Sintesis Integratif: Harmonisasi Hak Asasi Manusia dan Maqaṣid al-Syari‘ah dalam Doktrin Penahanan

Dalam diskursus hukum kontemporer, sering kali muncul simplifikasi analitis yang memosisikan Syariat Islam dan Hak Asasi Manusia (HAM) sebagai dua entitas yang saling eksklusi atau bahkan kontradiktif. Namun, melalui analisis kritis yang lebih mendalam, penulis menemukan bahwa ketegangan tersebut bersifat superfisial. Pada level aksiologis, keduanya bertemu pada satu titik koordinat sentral penghormatan terhadap martabat manusia (Human Dignity) atau yang dalam terminologi Islam dikenal sebagai Karamah al-Insaniyyah. Penahanan dalam konteks Aceh tidak boleh dipandang sebagai ruang hampa hukum di mana HAM ditangguhkan demi Syariat, atau sebaliknya, melainkan harus dipandang sebagai pengejawantahan nilai-nilai luhur kemanusiaan yang bersifat universal sekaligus transendental.

Secara epistemologis, integrasi ini dapat dipetakan melalui tiga dimensi fundamental. Pertama, dimensi legalitas. Di bawah payung hukum internasional, Pasal 9 Universal Declaration of Human Rights (UDHR) memberikan proteksi mutlak terhadap perampasan kebebasan yang bersifat arbitrer (sewenang-wenang). Secara paralel, Islam melalui prinsip Asl al-Bara’ah (asas praduga tak bersalah) melarang setiap bentuk penindasan tanpa basis hukum yang otoritatif. Penahanan yang sah wajib berpijak pada legitimasi syar’i dan regulasi negara (KUHAP), sebagai bentuk implementasi Hifz an-Nafs (perlindungan jiwa) dari tindakan tiran.

Kedua, dimensi teleologis (Tujuan). Jika perspektif HAM modern menekankan pada rehabilitasi sosial agar pelaku dapat berintegrasi kembali ke masyarakat, maka Maqaṣid al- Syarī‘ah memperkayanya dengan konsep Ta’dib. Penahanan bukan sekadar proses mekanis

untuk menunggu persidangan, melainkan sarana internalisasi adab. Sebagaimana ditegaskan oleh Ibnu Qayyim al-Jauziyyah, hukum syariat secara keseluruhan adalah keadilan, rahmat, dan hikmah. Maka, setiap kebijakan penahanan yang abai terhadap aspek perbaikan moral pelaku berarti telah keluar dari substansi syariat itu sendiri.
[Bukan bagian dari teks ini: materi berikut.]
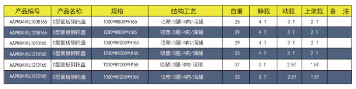 四向三腿——C型面板鋼托盤 技術(shù)參數(shù)說(shuō)明: 產(chǎn)品編號(hào): AAPMD4ⅢL1210165 產(chǎn)品規(guī)格: 1200*1000*165 產(chǎn)品自重: 33kg 防銹工藝: 靜電沙紋噴塑 產(chǎn)品靜載: 3000KG(均勻載重) 產(chǎn)品動(dòng)載: 2500KG(均勻載重) 產(chǎn)品上架: 1500KG(均勻載重) 主要用途: 倉(cāng)庫(kù)、車間周轉(zhuǎn)、物流倉(cāng)儲(chǔ)

Ketiga, dimensi pelaksanaan. Larangan internasional terhadap penyiksaan (torture) dan perlakuan yang merendahkan martabat manusia berkorelasi linear dengan larangan Islam terhadap Ghulu (melampaui batas). Dalam konteks Aceh, harmoni ini mengikat Aparat Penegak Hukum (APH) untuk tetap disiplin pada batasan temporal yang rigid sebagaimana diatur secara limitatif dalam Pasal 100 sampai dengan Pasal 111 UU No. 20 Tahun 2025 tentang Hukum Acara Pidana.(KUHAP)

Kepatuhan terhadap batas waktu penahanan yang diatur dalam pasal-pasal tersebut diatas, bukan sekadar urusan pemenuhan administrasi peradilan, melainkan merupakan pemenuhan mandat agama untuk tidak menzalimi sesama (dhulm). Penahanan yang bermartabat wajib memastikan hak-hak dasar tersangka termasuk akses ibadah yang layak, pembinaan mental, dan jaminan kesehatantetap terpenuhi secara maksimal. Inilah manifestasi dari prinsip Ihsan dalam penegakan hukum bahwa meskipun raga dibatasi oleh jeruji besi berdasarkan hukum negara, jiwa dan martabat manusiawi tersangka harus tetap dijaga sebagai bentuk pertanggungjawaban moral yang transendental.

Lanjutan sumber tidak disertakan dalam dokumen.